Anyhow, I'm still wondering how I will get to work tomorrow. I can't shovel the snow because it would throw off my back for sure, and I can't find anyone to do it. Then again, it would be the lamest excuse in the world to work from home the day AFTER a snowstorm.

I miss my SUV. I used to plow through massive amounts of snow with that thing. The civic is NOT my thing. :(

A Day Without a Cellphone

Last Thursday, as I rushed out of the office to pick up the children, I forgot my blackberry on my desk. This may not seem like a big deal to the average Joe, but trust me when I say that I felt totally paralyzed for the next 16 hours.

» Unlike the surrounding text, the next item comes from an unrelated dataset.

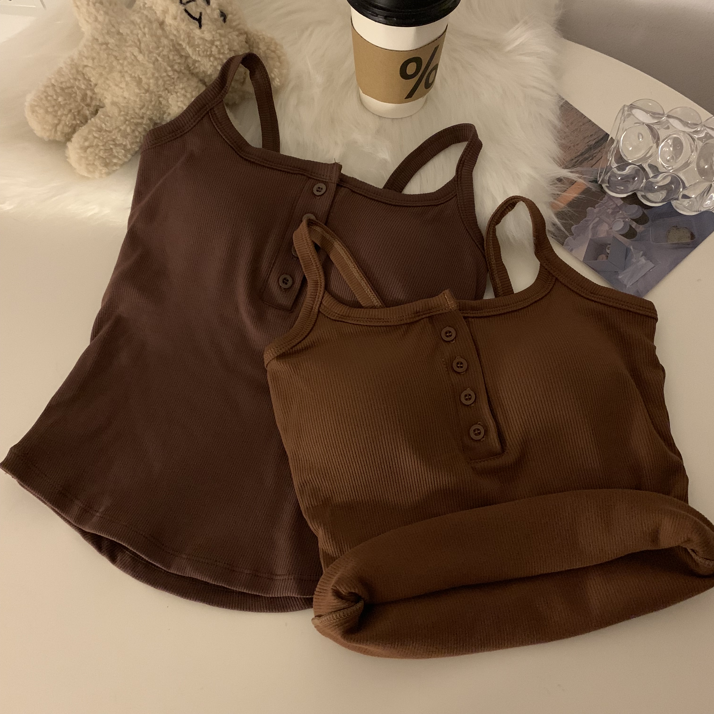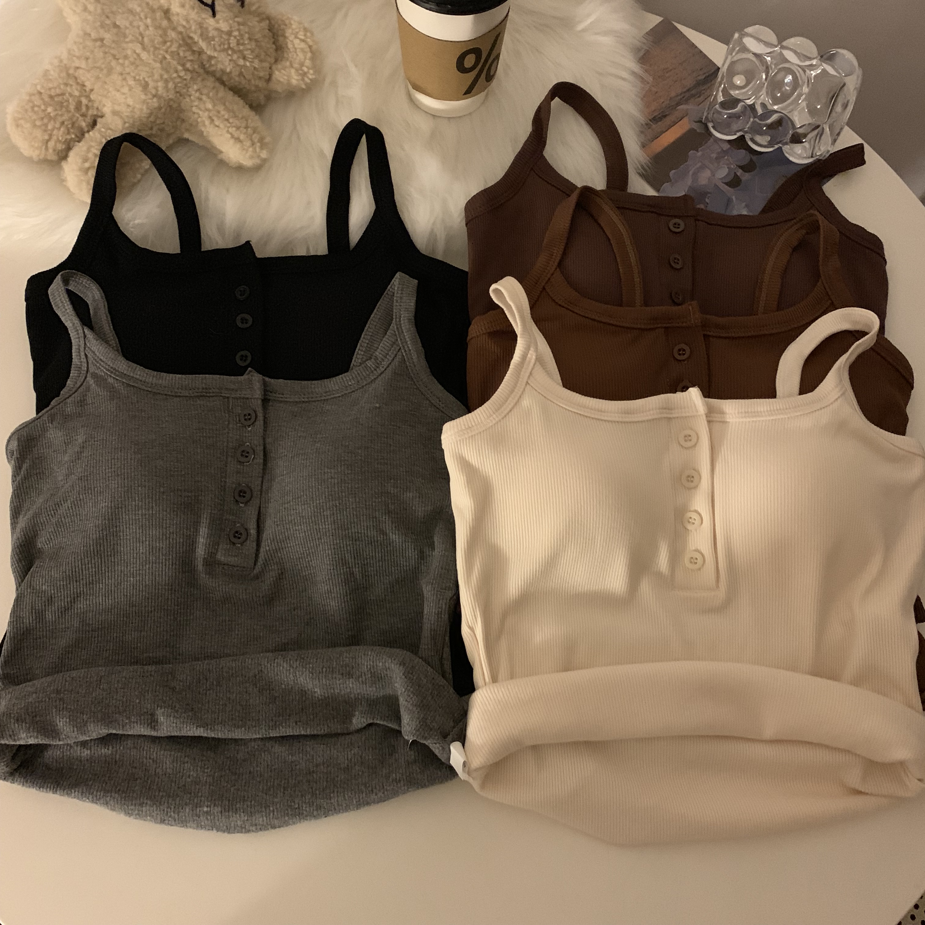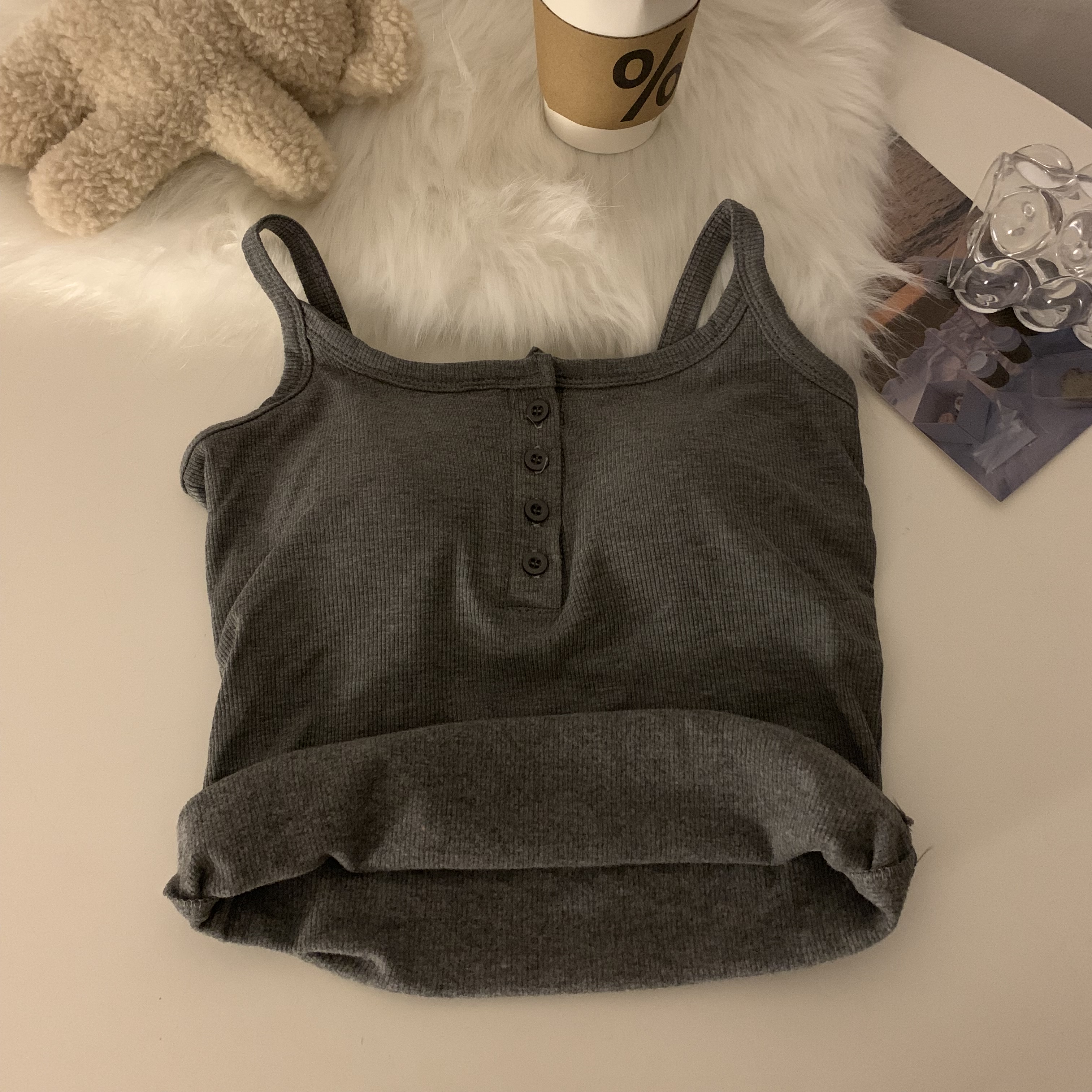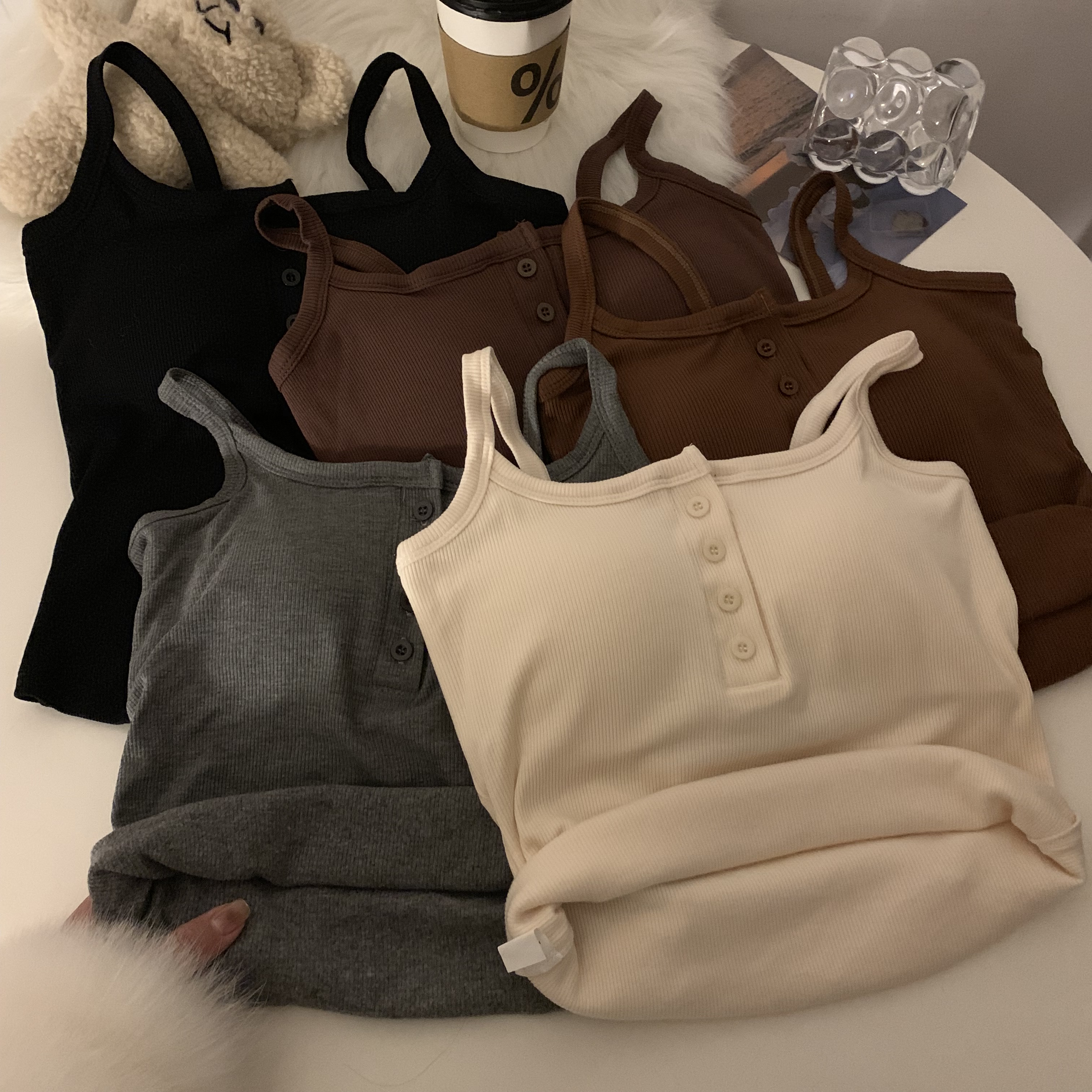 短款帶胸墊杏色吊帶秋季外穿無袖黑色背心女內搭加絨加厚打底上衣
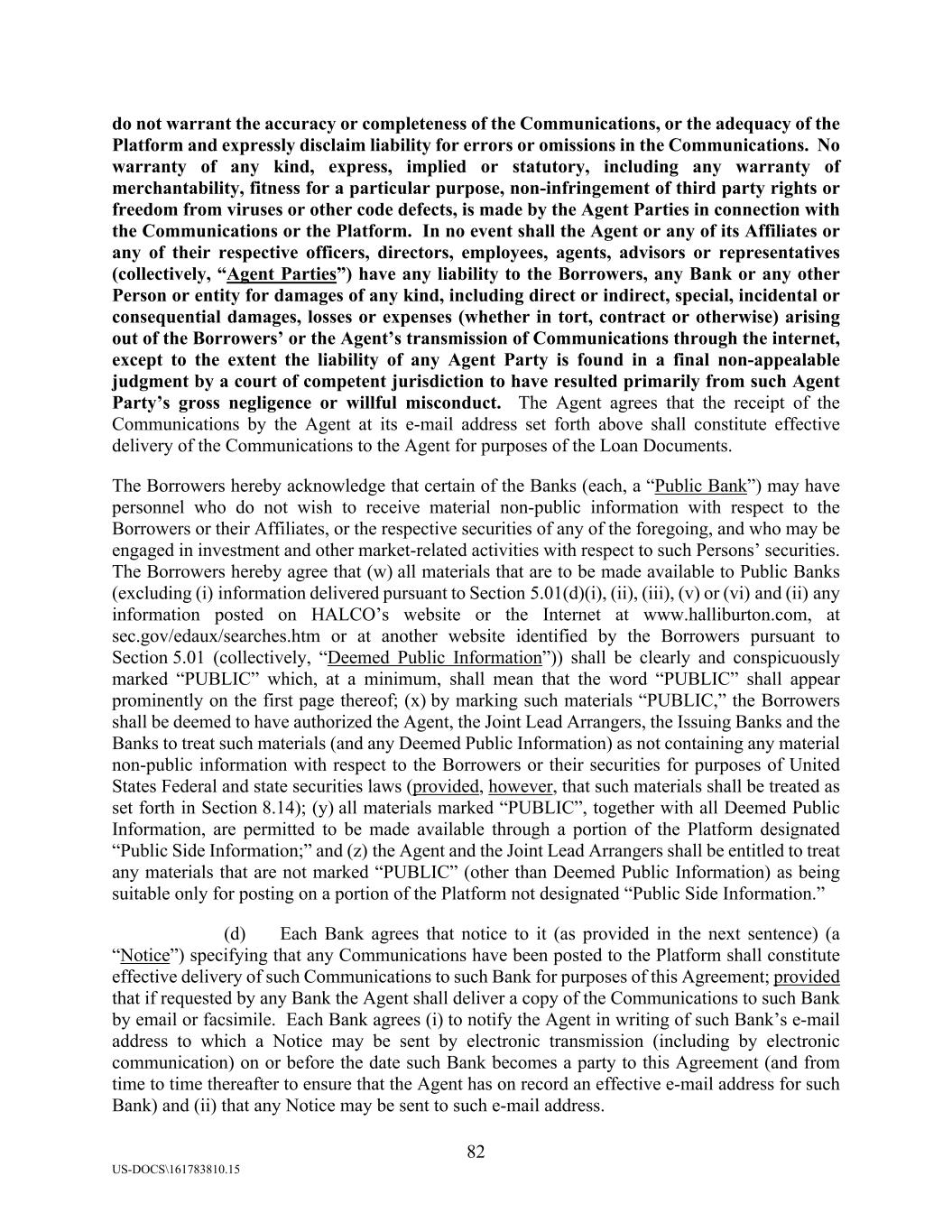 82 US-DOCS\161783810.15 do not warrant the accuracy or completeness of the Communications, or the adequacy of the Platform and expressly disclaim liability for errors or omissions in the Communications. No warranty of any kind, express, implied or statutory, including any warranty of merchantability, fitness for a particular purpose, non-infringement of third party rights or freedom from viruses or other code defects, is made by the Agent Parties in connection with the Communications or the Platform. In no event shall the Agent or any of its Affiliates or any of their respective officers, directors, employees, agents, advisors or representatives (collectively, “Agent Parties”) have any liability to the Borrowers, any Bank or any other Person or entity for damages of any kind, including direct or indirect, special, incidental or consequential damages, losses or expenses (whether in tort, contract or otherwise) arising out of the Borrowers’ or the Agent’s transmission of Communications through the internet, except to the extent the liability of any Agent Party is found in a final non-appealable judgment by a court of competent jurisdiction to have resulted primarily from such Agent Party’s gross negligence or willful misconduct. The Agent agrees that the receipt of the Communications by the Agent at its e-mail address set forth above shall constitute effective delivery of the Communications to the Agent for purposes of the Loan Documents. The Borrowers hereby acknowledge that certain of the Banks (each, a “Public Bank”) may have personnel who do not wish to receive material non-public information with respect to the Borrowers or their Affiliates, or the respective securities of any of the foregoing, and who may be engaged in investment and other market-related activities with respect to such Persons’ securities. The Borrowers hereby agree that (w) all materials that are to be made available to Public Banks (excluding (i) information delivered pursuant to Section 5.01(d)(i), (ii), (iii), (v) or (vi) and (ii) any information posted on HALCO’s website or the Internet at www.halliburton.com, at sec.gov/edaux/searches.htm or at another website identified by the Borrowers pursuant to Section 5.01 (collectively, “Deemed Public Information”)) shall be clearly and conspicuously marked “PUBLIC” which, at a minimum, shall mean that the word “PUBLIC” shall appear prominently on the first page thereof; (x) by marking such materials “PUBLIC,” the Borrowers shall be deemed to have authorized the Agent, the Joint Lead Arrangers, the Issuing Banks and the Banks to treat such materials (and any Deemed Public Information) as not containing any material non-public information with respect to the Borrowers or their securities for purposes of United States Federal and state securities laws (provided, however, that such materials shall be treated as set forth in Section 8.14); (y) all materials marked “PUBLIC”, together with all Deemed Public Information, are permitted to be made available through a portion of the Platform designated “Public Side Information;” and (z) the Agent and the Joint Lead Arrangers shall be entitled to treat any materials that are not marked “PUBLIC” (other than Deemed Public Information) as being suitable only for posting on a portion of the Platform not designated “Public Side Information.” (d) Each Bank agrees that notice to it (as provided in the next sentence) (a “Notice”) specifying that any Communications have been posted to the Platform shall constitute effective delivery of such Communications to such Bank for purposes of this Agreement; provided that if requested by any Bank the Agent shall deliver a copy of the Communications to such Bank by email or facsimile. Each Bank agrees (i) to notify the Agent in writing of such Bank’s e-mail address to which a Notice may be sent by electronic transmission (including by electronic communication) on or before the date such Bank becomes a party to this Agreement (and from time to time thereafter to ensure that the Agent has on record an effective e-mail address for such Bank) and (ii) that any Notice may be sent to such e-mail address.

I have had a cellphone since maybe 1992 or something. I've always had one on me. I don't think I've used a payphone since then. My calendar, my email, my contact list is all in that device. I am lost, stupid and unreachable without it.

So, driving home through the snow, I was horrified when I realized I didn't have it with me. I knew I had an appointment on my way home, roughly knew the time, but wasn't sure. What I was doing after that, I couldn't remember.

The snow slowed me down. I was running late. I didn't have a phone with which I could call to let them know. I didn't have the number either. Eventually I found a payphone (trust me, they are hard to come by), and of course, I don't carry money. I am the debit card freak. I use it for a pack of gum. So, I ruffled around for change and found a quarter. Only to realize payphones now cost fifty cents (when did that happen??). This one didn't take a credit card. I had to find some change to call my appointment, and luckily I knew the number by memory. I then found a loonie, called my mom and asked her to get the kids.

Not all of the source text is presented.